Quote: “Escape velocity (km/s) 2.38”

– What about the moon’s orbit? It is basically unchanged. Trying to move the moon with a nuke is like trying to move a truck by blowing on it. Nuclear explosions may be big, but space is bigger. Our mighty explosion only left another crater. One among millions.

To give you a better understanding of how far away we are from moving the Moon, let these numbers sink in. The Moon masses 73.4 billion billion tons. Even if the energy of our 100 Megaton yield bomb was completely converted into kinetic energy, it would only accelerate the Moon by a negligible 3.37 mm/s. That’s a fraction of a thousandth of a percent of the Moon’s orbital velocity of 1022 m/s. In reality, only a fraction of the blast’s energy actually pushes the Moon, so its effect on the lunar orbit is completely inconsequential.

#Moon Fact Sheet, NASA, retrieved 2020

https://nssdc.gsfc.nasa.gov/planetary/factsheet/moonfact.html

Quote: “Mass (10^24 kg) 0.07346”

– Still, anyone on the moon will continue to not enjoy themselves. The material that ends up raining back to the moon is radioactive, and without any natural processes to wash it away or bury it, the surface of the moon will remain contaminated. Although fortunately, the worst of the radiation will have decayed to a level comparable to natural levels from cosmic rays in about a year.

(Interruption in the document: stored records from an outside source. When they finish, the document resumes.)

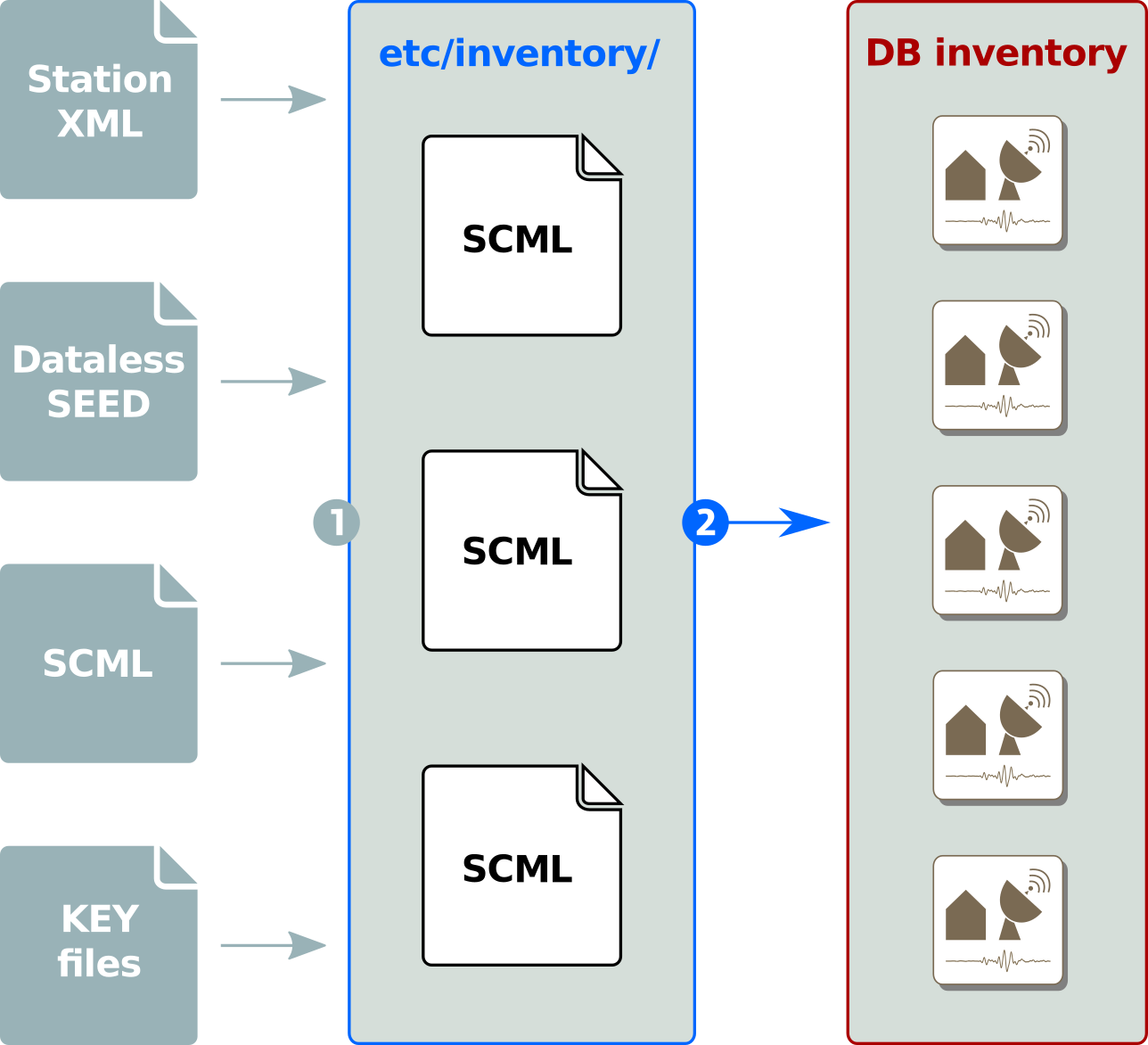 Older version used key files to configure available networks and stations. Because the support of response meta-data was very limited, tools were build to add this functionality. Since the release of Seattle the concept of key files for station meta-data has been completely removed from the system. Now SeisComP only handles station meta-data in its own XML format called SCML. The task of supporting old key files, dataless SEED and other formats has been out-sourced to external applications. The inventory synchronization is a two-stage process:
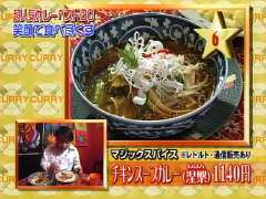 先週に引き続き、ベスト30のいよいよ上位6位が発表されたが… マジスパはいきなり6位で紹介されたが、グルメレポートは省かれ、一瞬紹介されただけで終わった。 これはマジスパのマスターもガッカリだろうなあ。 ときに、3位で紹介されたこのカレーはすごく喰ってみたい気になった。
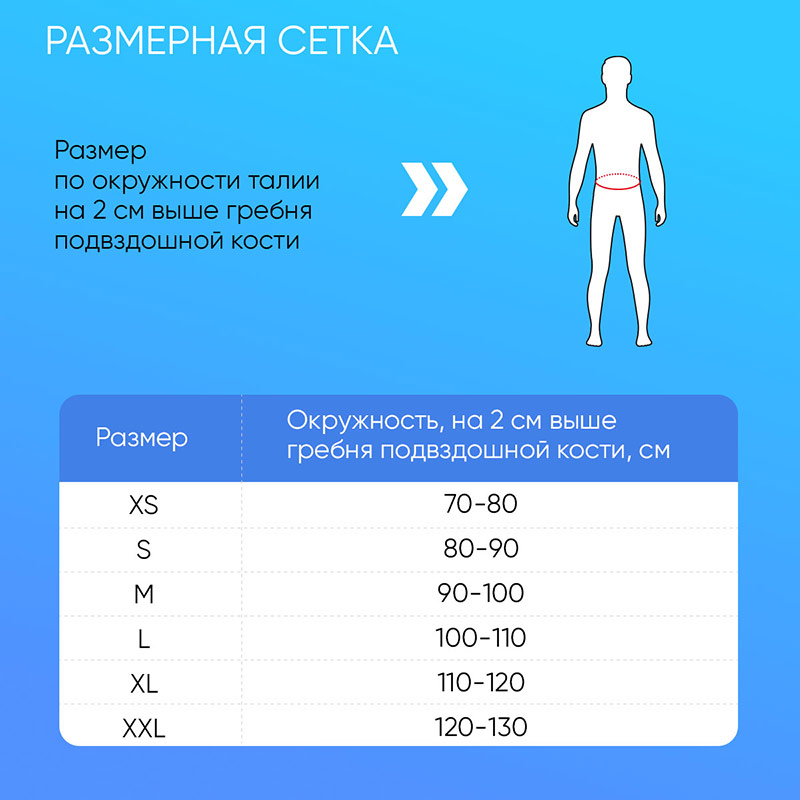 Размер подбирается по окружности на 2 см выше гребня повздошной кости.

#Radioactive Fallout, Atomic Archive, retrieved 2020

https://www.atomicarchive.com/science/effects/radioactive-fallout.html

Quote: “Most of the particles decay rapidly. Even so, beyond the blast radius of the exploding weapons there would be areas (hot spots) the survivors could not enter because of radioactive contamination from long-lived radioactive isotopes like strontium 90 or cesium 137. For the survivors of a nuclear war, this lingering radiation hazard could represent a grave threat for as long as 1 to 5 years after the attack.”

The Moon does not have any natural mechanism like rain or wind to clear radioactive fallout from its surface. It will be concentrated into a thin layer right at the top, unlike on Earth where it can be diluted and washed deeper into the ground.